Для многих советских граждан слова «Новый год» и «продуктовые заказы» были практически тождественны. В условиях товарного дефицита существовала возможность раз в год раздобыть копченую колбасу или икру в спецраспределителе. Самые шикарные заказы были в крупных городах, прежде всего для номенклатуры и ветеранов, в то время как в глубинке эта система практически не работала. «Лента.ру» попросила россиян, которые застали эту эпоху, рассказать о том, как была устроена новогодняя система распределения продуктов в СССР.
Петр Каменченко, Москва:
— Я родился в 1958 году. Так получается, что до сих пор я большую часть своей жизни прожил в СССР и хорошо помню, как там все было устроено.
А потому люди, представляющие Советский Союз страной глобального изобилия, вызывают у меня сильное недоумение. Одним из двух главных слов советского товарообмена было слово «дефицит». Дефицитом было все, от квартир (своей очереди можно было ждать полжизни) до туалетной бумаги. Если у тебя были деньги, это совершенно не значило, что ты мог пойти и купить нужный товар.
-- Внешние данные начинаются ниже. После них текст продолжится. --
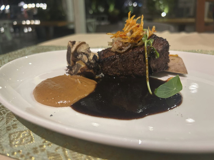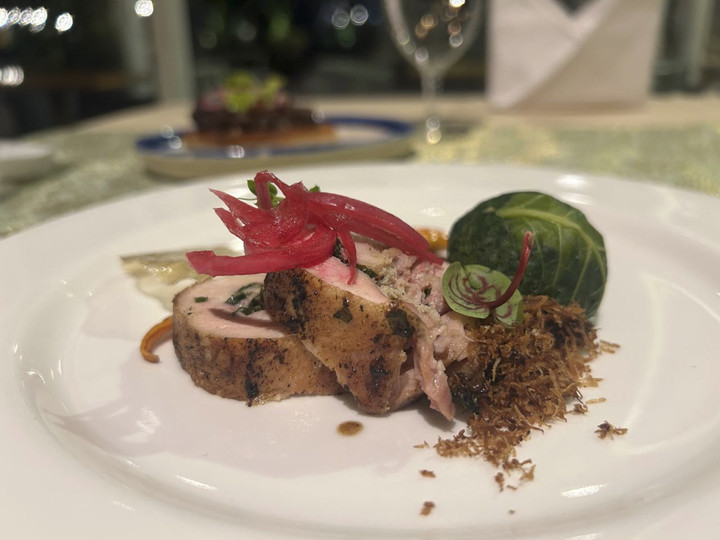Kemudian ada rolade ayam dengan bumbu Batak, olahan ayam yang kaya akan rempah khas Sumatera Utara, diikuti oleh mangut barramundi, hidangan ikan yang menyajikan kehangatan rasa tradisional.

Нужный товар не покупали, а доставали. Доставали по блату.
«Блат» — это второе главное слово советского товарооборота. По блату или по знакомству доставали все:, от цветного телевизора и очереди на автомобиль до постельного белья. При этом выше денег ценился товарообмен: я тебе талоны на «макулатурного» Дюма, а ты мне — зимние румынские сапоги или китайский термос.
Для того чтобы как-то обеспечить граждан дефицитом и уравнять в правах тех, у кого есть блат, с теми, у кого блата нет (а уравниловка была важной частью социальной политики), существовала система распределения дефицита в виде записи, талонов и заказов. Хотя и тут все было не так просто.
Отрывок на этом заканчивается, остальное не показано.